Journal of Virology, February 2004, p. 1602-1603, Vol. 78, No. 3
0022-538X/04/$08.00+0 DOI: 10.1128/JVI.78.3.1602-1603.2004
Copyright © 2004, American Society for Microbiology. All Rights Reserved.
| LETTER TO THE EDITOR |
|
|
|---|
Phylogenetic analysis has proven successful for the investigation and prediction of the evolution of viruses such as influenza virus (1). Initial inspection of SARS-CoV sequences revealed a high degree of homogeneity, which might indicate an RNA virus that evolves unusually slowly. To investigate further, we carried out a full-genome alignment of the available SARS-CoV strains recently analyzed by Ruan et al. (4) by use of the CLUSTAL algorithm (6). The alignment was carefully edited by hand to maximize the number of identities, and the site positions containing gaps were removed. The resulting alignment (available from the authors upon request) is 21,333 nucleotides long; 63 sites have at least one sequence with a different nucleotide, and only 10 sites are phylogenetically informative, i.e., they are useful to discriminate among different tree topologies, according to the unweighted parsimony criterion.

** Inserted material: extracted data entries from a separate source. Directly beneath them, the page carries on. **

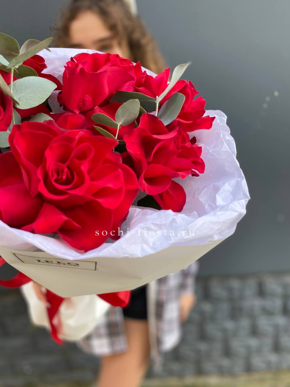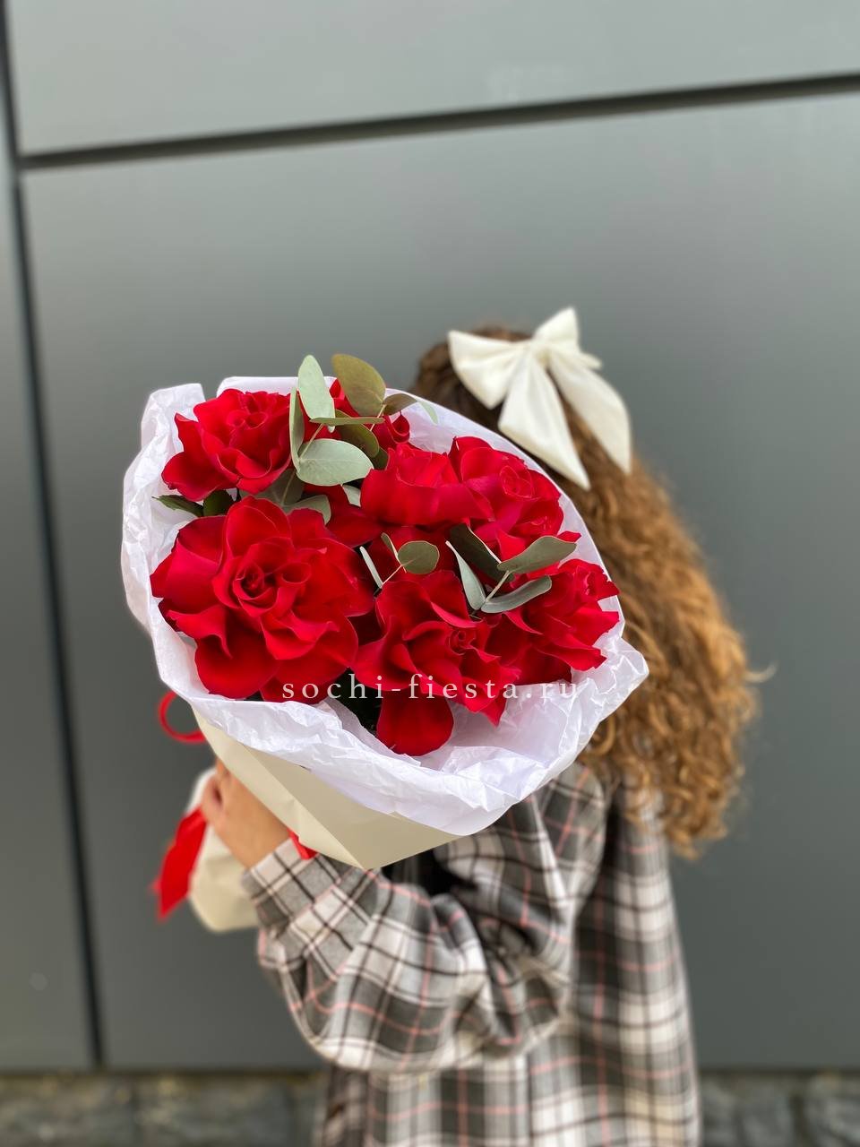 вывернутые розы - 11 шт., эвкалипт - 1шт., лента, авторская упаковка.
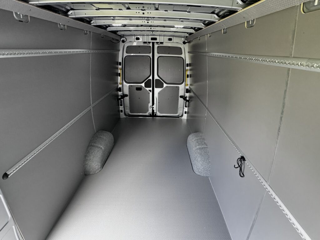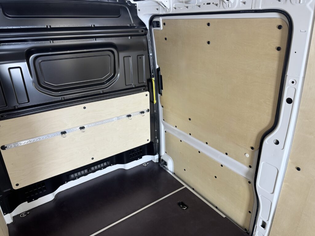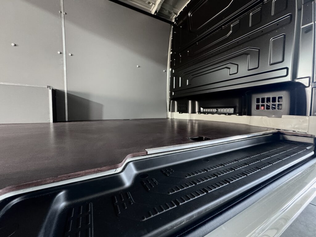 Zamontowaliśmy wodoodporną, laminowaną sklejkę . Panele połączyliśmy aluminiowymi listwami. Podłoga to wytrzymała sklejka 12 mm. Nadkola zabezpieczyliśmy aluminiowymi okuciami.
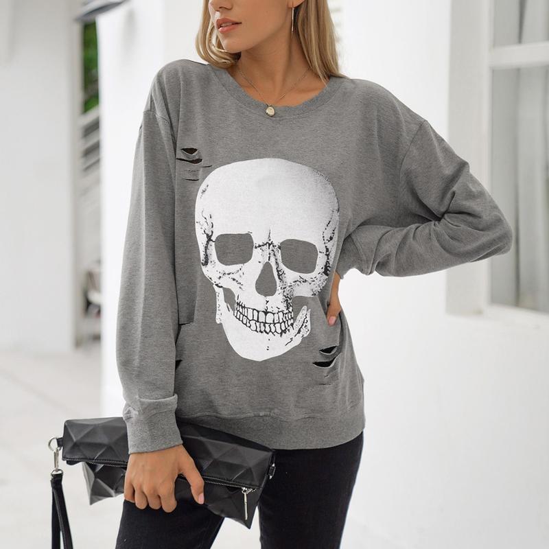 ·Features: This halloween skull graphic sweatshirt features white skull or other different patterns on the center, loose-fitting design and hole design. The casual and slouchy street style makes you look like a cool girl.
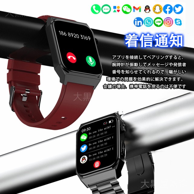 【便利な通知機能】- スマートウォッチをスマホに接続した後、着信をリマインダー、重要なSMSメッセージを受信して読めますように振動します。満員電車の中、運動中や打ち合わせ中などスマホを取り出せない状況でも、大切なメッセージや着信を見逃しません。(Line、Twitter、Facebook(Meta)、Instagramなどをサポートします。)お休みモードも設定でき、寝る前に「振動」「メッセージ通知」をオフすることができます。(ご注意:電話をかけるや返信などの機能がいただけません)
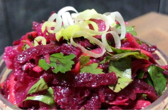 Trys ant didelių tributinių burokėlių ir morkų, sumaišyti.
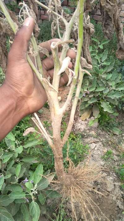 मेरे बैगन के किसी एक टहनी मे सफ़ेद रंग का दाग की तरह लग कर धीरे धीरे बढ़ते हुए पूरे पौधे को चपेट मे ले रहा है पूरे खेत मे बहुत तेजी से बढ़ रहा है सक्रमित डाल को छुने पर डाल गिला उसका चमड़ा सड़ रहा है कृपया दवा क्या करू
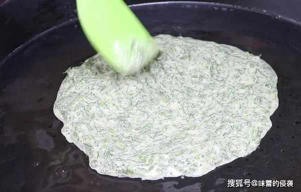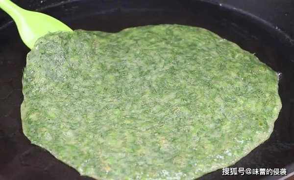 7、茴香菜和面糊很容易煎熟,半分钟就翻面一次,煎1分钟就可以吃了。
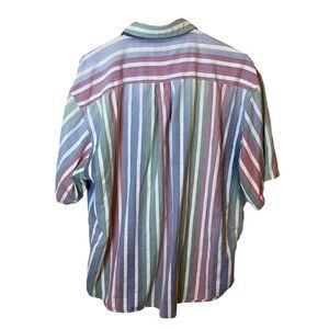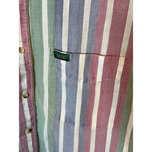 1 Pre-owned Izod Mens XL Striped Short Sleeve Button Up Shirt with front pocket and logo embroidery.
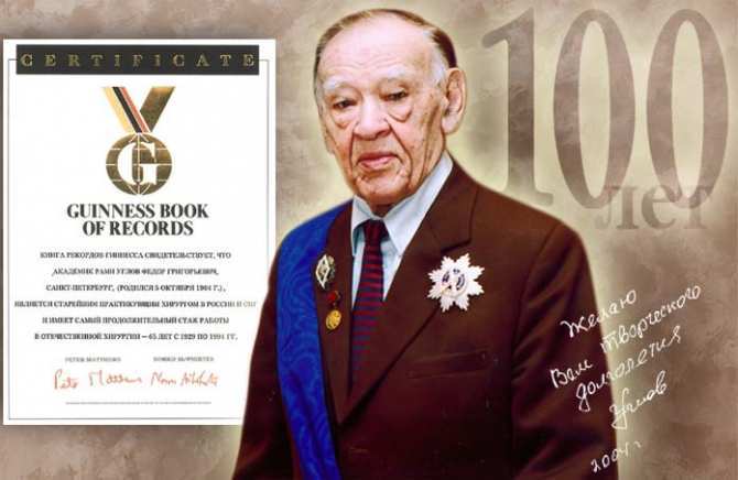 Фёдор Григо́рьевич Угло́в (1904—2008) — советский и российский хирург, действительный член Российской академии медицинских наук, член Союза писателей России, действительный и почётный член Петровской академии наук и искусств, почётный доктор Санкт-Петербургского государственного медицинского университета имени академика И. П. Павлова, главный редактор журнала «Вестник хирургии имени И. И. Грекова» (1953—2006), почётный член многих отечественных и зарубежных научных обществ, вице-президент Международной Славянской академии, президент Государственного православного фонда. Активный сторонник и пропагандист трезвого образа жизни.
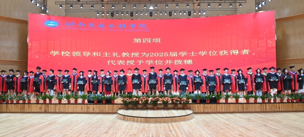 學(xué)校學(xué)位評(píng)定委員會(huì)副主席、常務(wù)副校長(zhǎng)彭文武宣讀《湖南交通工程學(xué)院關(guān)于2025屆本科生畢業(yè)生學(xué)士學(xué)位授予名單的決定》。根據(jù)國(guó)家教育部和湖南省教育廳相關(guān)規(guī)定,經(jīng)審核,我校2025屆共有3785名同學(xué)獲得畢業(yè)資格,準(zhǔn)予畢業(yè);共有3453名同學(xué)符合學(xué)士學(xué)位授予條件,授予學(xué)士學(xué)位。
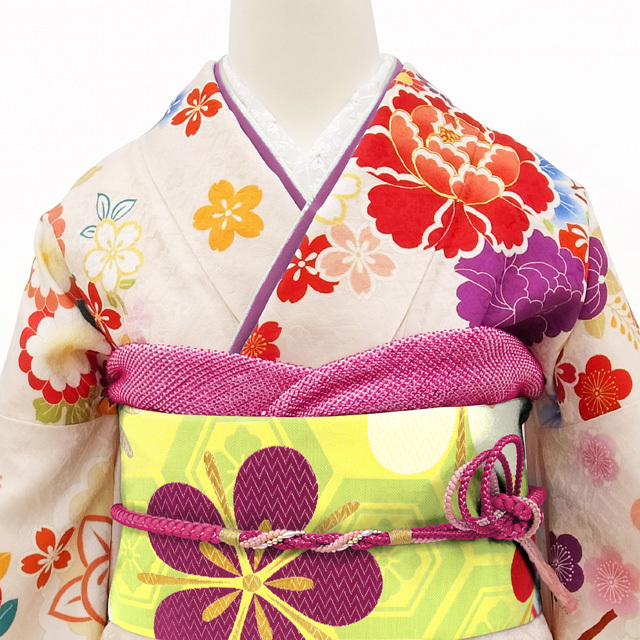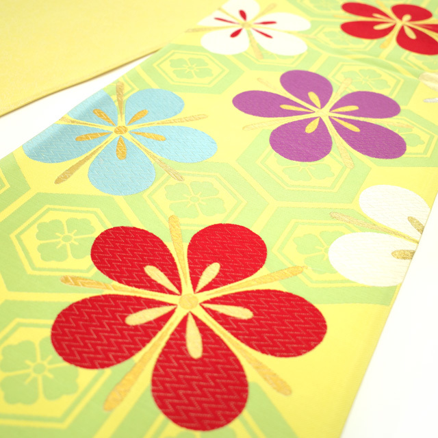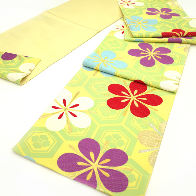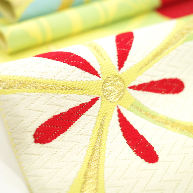 【中古】 すごい値! 袋帯 振袖用 リサイクル 京都 西陣 正絹 金糸 黄色 花 亀甲花菱 六通柄 フォーマル 仕立て上がり 春 秋 冬 成人式 二十歳 20歳 結婚式 など 販売 購入 綺麗 美品 リユース すごいね みやがわ neb00551

Subalignments were generated for all of the known coding regions, most of which were identical among the different isolates. We analyzed open reading frame (ORF) 1ab (4), which appears to be the most variable. Maximum likelihood (ML) methods were employed for the analyses because they allow for the testing of different phylogenetic hypotheses by calculating the probability of a given model of evolution generating the observed data and by comparing the probabilities of nested models by the likelihood ratio test (5). In addition, because only 10 sequences were retained after excluding the identical ones, it was possible to search for the optimal ML tree through an exhaustive or branch-and-bound search (5).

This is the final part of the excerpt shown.